I selected several phrases for distance ():
> distance ("p_model300_2.bin", "crouching_tiger_hidden_dragon", 10)
Word: crouching_tiger_hidden_dragon Position in vocabulary: 15492
Word CosDist
1 tsui_hark 0.6041993
2 ang_lee 0.5996884
3 martial_arts_films 0.5541546
4 kung_fu_hustle 0.5381692
5 blockbusters 0.5305687
6 kill_bill 0.5279162
7 grindhouse 0.5242150
8 churned 0.5224440
9 budgets 0.5141657
10 john_woo 0.5046486
> distance ("p_model300_2.bin", "academy_award_winning", 10)
Word: academy_award_winning Position in vocabulary: 15780
Word CosDist
1 nominations 0.4570983
2 ever_produced 0.4558123
3 francis_ford_coppola 0.4547777
4 producer_director 0.4545878
5 set_standard 0.4512480
6 participation 0.4503479
7 won_academy_award 0.4477891
8 michael_mann 0.4464636
9 huge_budget 0.4424854
10 directorial_debut 0.4406852
At this point, I have completed the experiments. One important note is that word2vec “communicates” with memory directly, as a result of which R may become unstable and crash the session. Sometimes this is due to the output of diagnostic messages from the OS, which R cannot correctly process. If there are no errors in the code, it helps to restart the interpreter or Rstudio.

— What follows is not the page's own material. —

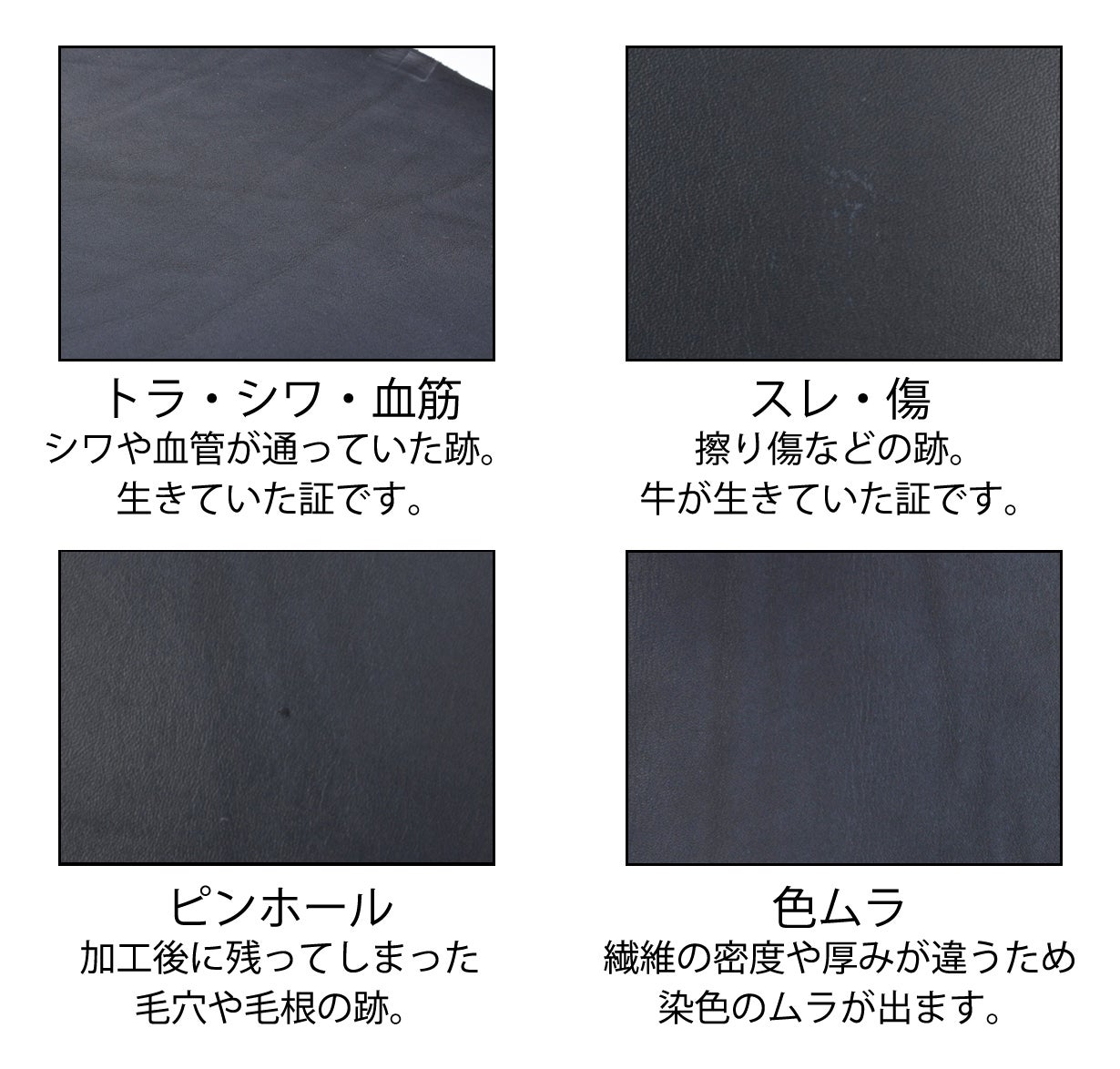 本来革が持つ傷やスレ、色ムラなどが表面に出る可能性が有りますが革の特性としてお楽しみください。

R-code, C source code and Windows dll compiled under x64 in my
repository .
UPD:As a result of the dispute with
ServPonomarev and the subsequent analysis of the word2vec code, we managed to find out that the algorithm is trained in lines of 1000 words, in which the window moves in plus / minus 5 words. When an EOL character is detected, which the algorithm converts to a special word with zero numbers in the dictionary, the window movement stops and continues in a new line. The representation of words separated by EOL in the model will differ from the representation of the same words, separated by a space. Conclusion: if the source text is a collection of documents, as well as phrases or paragraphs, separated by a newline, you should not get rid of this additional information, ie leave EOL symbols in the training set. Unfortunately, it is very difficult to illustrate with examples.